It was a big year for the nation's central K-12 education policy

December 28, 2011 RSS Feed Print

The nation's now unpopular key education policy saw more action in Washington this year than it did since it passed in 2001.

No Child Left Behind has been overdue for a rewrite since 2007, and education experts agree final reform needs to come from Congress. But this year, the real action came from the executive branch.

Out of frustration with congressional inaction, President Obama and Education Secretary Arne Duncan took matters into their own hands this fall and outlined a waiver program for any states willing to embrace certain "reforms."

These include college- and career-ready standards, an accountability process for rewarding schools that show progress, and as a system to evaluate and support teachers and administrators. In exchange, states will be free from key provisions in NCLB, like adequate yearly progress goals and the requirement that all students test at grade level in math and reading by 2014. States who get waivers will also have more flexibility in spending certain funds.

Republicans in Congress called the conditional waiver idea an end-run around the legislative branch.
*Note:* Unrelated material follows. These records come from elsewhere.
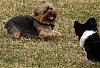 | Banning Thread Dictator Donating Member | Eddie's childhood pal Sophia came by for a rare visit, and they picked up where they left off: She chases him until they both tire out, he refuses to share his toy, and she finally gives up. Then he rolls on his toy to get his scent on there so she knows not to try to steal it next time.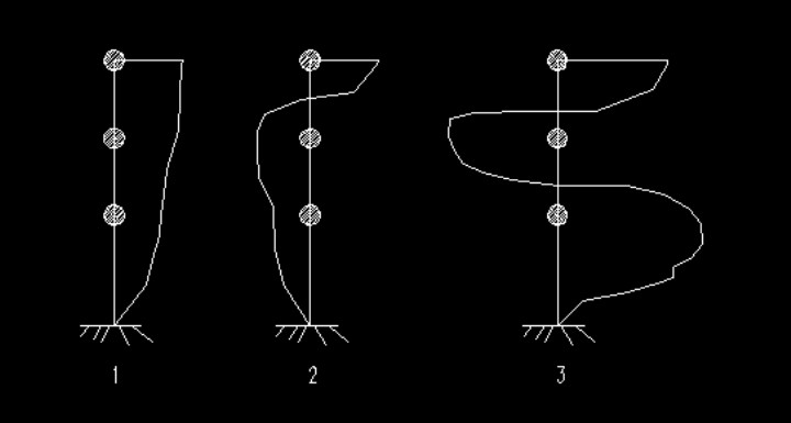 2.接纳阵型反响谱法时,以三自由度体系为例,结构力学上学的前三个震动简图如下,而我们在用PKPM计算的时候,第一第二周期分别为x,y偏向的平动,第三周期为扭转,与结构力学学的无法对应,希望列位老师指点迷津。
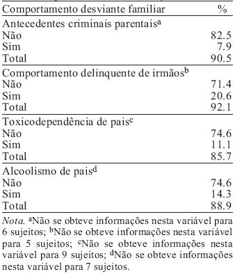 Baseando-nos em diversos estudos que indicam que o comportamento desviante familiar está significativamente associado ao comportamento anti-social na adolescência (e.g., Farrington, Jolliffe, Loeber, Stouthamer-Loeber, & Kalb, 2001; Wasserman & Seracini, 2001), foi nossa intenção avaliar a incidência deste factor de risco nos adolescentes em estudo. Ao contrário do que esperávamos, a ocorrência das diversas variáveis que utilizámos para descrever o comportamento desviante familiar é baixa, conforme podemos observar na Tabela 2.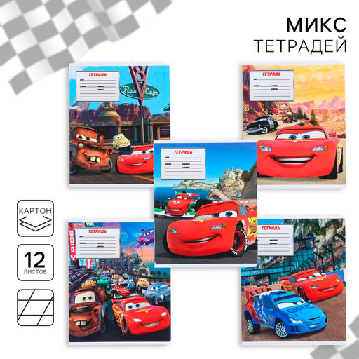 • Цена за 20 шт. Тетрадь в косую линейку 12 листов, 5 видов МИКС, обложка мелованный картон, «Тачки»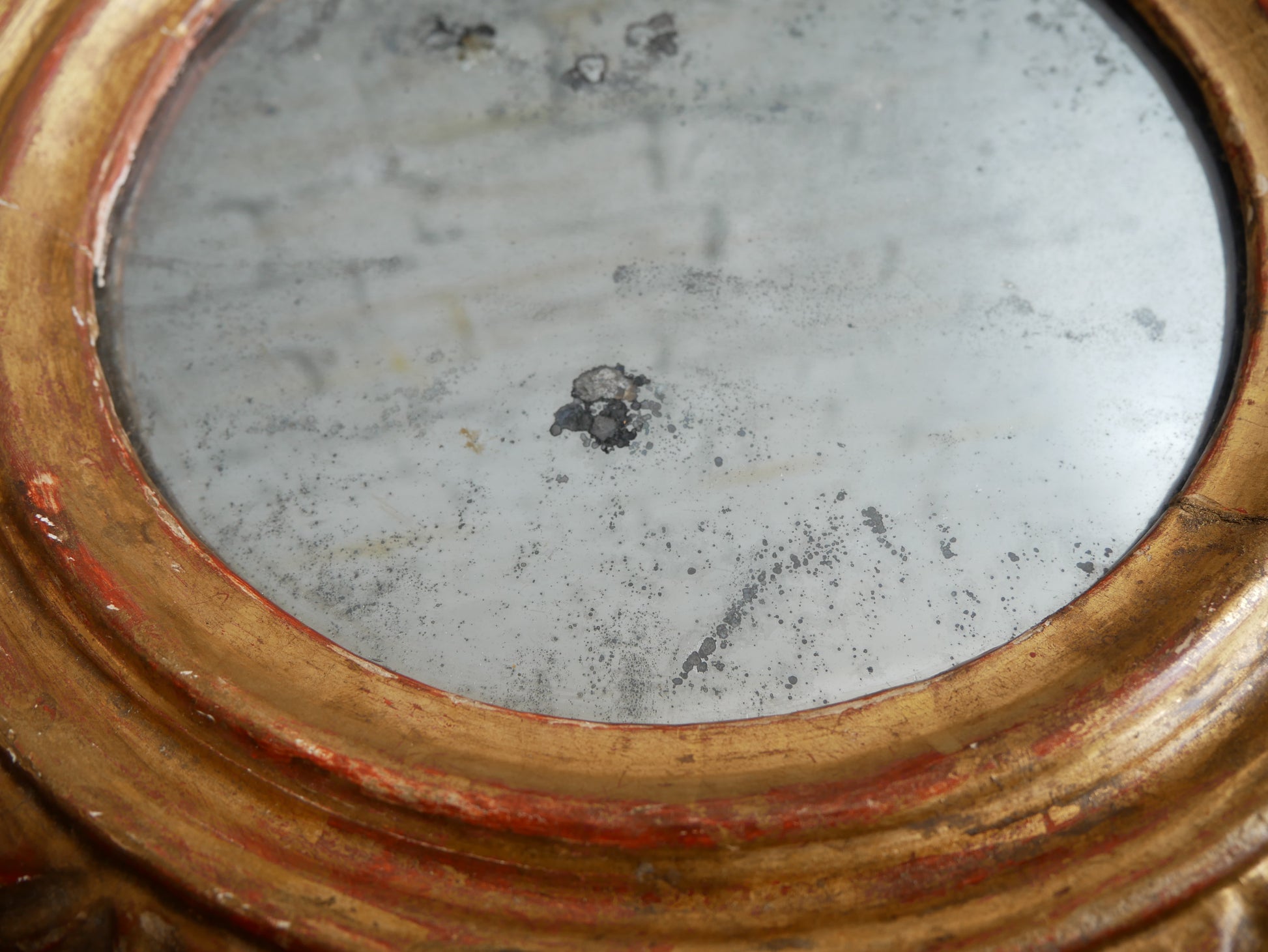 - Beautifully worn gilt frame encasing a distressed mercury or tin backed mirror.

The Department of Education is legally allowed to grant waivers, but critics say the waters are murkier when those waivers require action in return.

"Legally, they are suspect," says Michael Petrilli, executive vice president at the conservative Fordham Institute, who says he believes a state that doesn't want to implement the conditions could still successfully sue for a waiver anyway.

Though Petrilli was an early critic of the waivers, he now sees them as positive. "I don't think you'll find anyone in the country who thinks that adequate yearly progress as designed 10 years ago is the best way to figure out if a school is failing or not," he says. "This is really opening the doors to let states have much more say and be much more innovative and creative in how they craft their accountability systems."

But education lobbyist Ellin Nolan is concerned the waivers will cause an administrative nightmare. "It's a huge job for the department to manage all these waivers, which are really a hodgepodge of accountability plans in all the states," she says. Eleven states have already applied, and several more have indicated they will.

"Plus the oversight of [No Child Left Behind] for those states that don't choose to do waivers," Nolan adds. "It's going to be quite a mess."

Nolan believes the goal of the waivers was to inspire legislative reforms. "At first they thought it would spur the Congress on, and I think it did," Nolan says. "It spurred them as far as they could go, but they haven't been able to get there."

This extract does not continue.